As for the Cthulhu cult, they understood what Tanzler already knew: that even a god can be dead and alive at the same time. There is an invisible network of electrical impulses, insisted Tanzler, which connects human beings not only with each other but with beings and entities on other planes, on other planets. Those human beings who realize this and who exploit it will overthrow the established world order and replace it with one in harmony with the mysterious, telepathic instructions of the Ancient Ones.
Those who do not will be destroyed.
In his room, on his hospital bed, Lovecraft dreamed a dream of demons from space. If there are demons on the Earth, his dream seemed to say, then why not demons on other planets, too? If one can summon a demon with a book and a candle, which one actually appears? The demon of Earth or a demon from Elsewhere?
In his fitful, unpleasant sleep he saw a great, groaning Gate studded with the nails that had crucified the Savior of the Christians and it was being pushed open from the other side, even as a horde of small, dark men struggled to open it from this side. He knew the answer lay on the other side of that Gate.
As the Gate budged open the slightest amount, he could hear a sound from the other side.
“Help me!” spoke the strangled voice, one he knew so well. “Help us all!”
Lovecraft awoke with a start, wild-eyed and perspiring profusely. He tried to calm himself in the broad light of day, but it was no use. That sound … that hideous, croaking sound.
It was his mother’s voice.
Finally, the point is not to exercise a kind of physical constraint on blind or even imaginary forces but to touch minds, reinvigorate them, and discipline them.

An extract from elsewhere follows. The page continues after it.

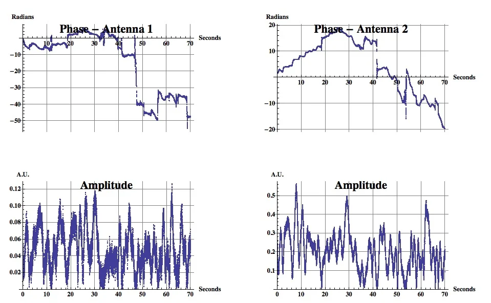 Antenna 1 is the temporary vertical and antenna 2 is the dipole, which had a noticeably better signal; but both signals faded in and out. The phase plots don't look very pretty and that's because I've been using an unsophisticated phase unwrapping algorithm. Each digitized signal is composed of the I and Q components, and the phase angle is the inverse tangent of their ratio. However the inverse tangent is a multi-valued function which repeats every 2 pi, and the computed phase value always lies between -pi and +pi. If we assume that the phase is continuous, we can "unwrap" it when, for example it rises to pi and then immediately thereafter takes on the value of -pi as it wraps around. A general problem is that noise on the signal can make the unwrapping more difficult, particularly when the signal amplitude is very small and the noise contribution is very large. That's cause of the jumps in the phase in the above plots. I really need to write a better phase unwrapping algorithm, but as they say "this problem is a topic of current research" which means there isn't a known "best" algorithm. But I'll put that off to another day and continue the analysis with what I have, concentrating on the amplitude signal.

—Emile Durckheim, The Myth of Primitive Psychology
Dwight Monroe was getting worried.
The old spy sat in his office outside Washington, D.C. and scanned the dispatches. The GPS chip was still sending out its signal so he knew Angell’s location to the city block. Unfortunately, the reluctant college professor was nowhere near a city block. He was in the back of beyond.

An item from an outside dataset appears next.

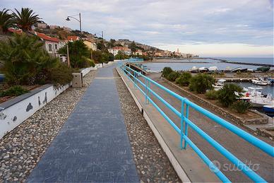 A Santo Stefano al Mare, Bandiera Blu, affitto, SOLO AD USO VACANZE, in Via Portarossa, bilocale recentemente ristrutturato, ubicato in zona molto tranquilla (lontano dall'Aurelia) e pianeggiante, tra il lungomare (a 50 mt.) e la pista ciclabile (a 30 mt.e lunga oltre 23 km.), comodo a tutti i servizi (negozi, ristoranti/pizzerie, banca/posta, giochi bimbi, noleggio bici etc.) senza utilizzo auto. L'alloggio, modernamente arredato, è composto da soggiorno con angolo cottura e divano, ampio bagno finestrato con doccia, camera con letto matrimoniale e letto a castello, grande balcone angolare con tende da sole elettrificate. E' dotato di lavatrice, lavastoviglie, frigo con freezer, TV (anche in camera), forno e forno a microonde, ferro e asse da stiro. Serramenti in alluminio con doppi vetri. Riscaldamento autonomo . Climatizzatore. Porta blindata. Presenti estintore e rilevatore gas+monossido di carbonio E' sito in piccolo condominio , al secondo piano con ascensore e parcheggio condominiale e sulla via. Max 4 persone. NO animali. Possibilità ricovero bici in locale comune CIN IT008056C2LYRIDQY4

He didn’t make the extraction rendezvous as scheduled. The helo team would try again in twenty-four hours and again twenty-four hours later, as per pre-arrangement. If Angell didn’t show up for any of these scheduled pick-ups they would have to find an alternate way to make contact. The fact that his GPS was still sending a signal was only minimally reassuring, because his location seemed to be nowhere near the western border of Iran. It was, in fact, heading in the opposite direction.
Intelligence had come in from several sources on the ground reporting a firefight at the Towers of Silence in Yazd. That had to be Angell and his team. But that was twenty-four hours ago. Since then, no one knew what had happened. Worst case scenario was an interception by the Revolutionary Guard, but if the GPS was any indication Angell was on his way in the opposite direction from Evin Prison in Teheran. In fact, he was headed for the Afghan border.

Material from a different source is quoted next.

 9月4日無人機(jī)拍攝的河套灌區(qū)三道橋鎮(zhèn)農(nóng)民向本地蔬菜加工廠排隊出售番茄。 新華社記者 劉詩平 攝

He had been on the sat phone with Aubrey every few hours. The exhausted agent could report nothing of substance. He had no way of
getting in touch with the agent known as Adnan. As per Adnan’s training he and his team of Kurdish rebels used burner phones and they destroyed them after every mission. If Angell was making his way towards Afghanistan it could only mean that he was travelling with Adnan. Nothing else made any sense.
To make matters more interesting there were UFO reports coming in from the Iran-Iraq border region, right in the heart of Kurdistan. Monroe felt these had to be related to the super-secret stealth helicopter being used by the SOAR team in Baghdad, which had already made two trips across the border: one to insert Angell and the second to (unsuccessfully) extract him. Iranian jets would be scrambled the next time these reports came in, of that Monroe was certain. Iran had had its share of UFO sightings, one of which—in the 1970s—resulted in a general flap among their military. There were those in Iran, however, who believed that these “sightings” were really of American spy planes and drones.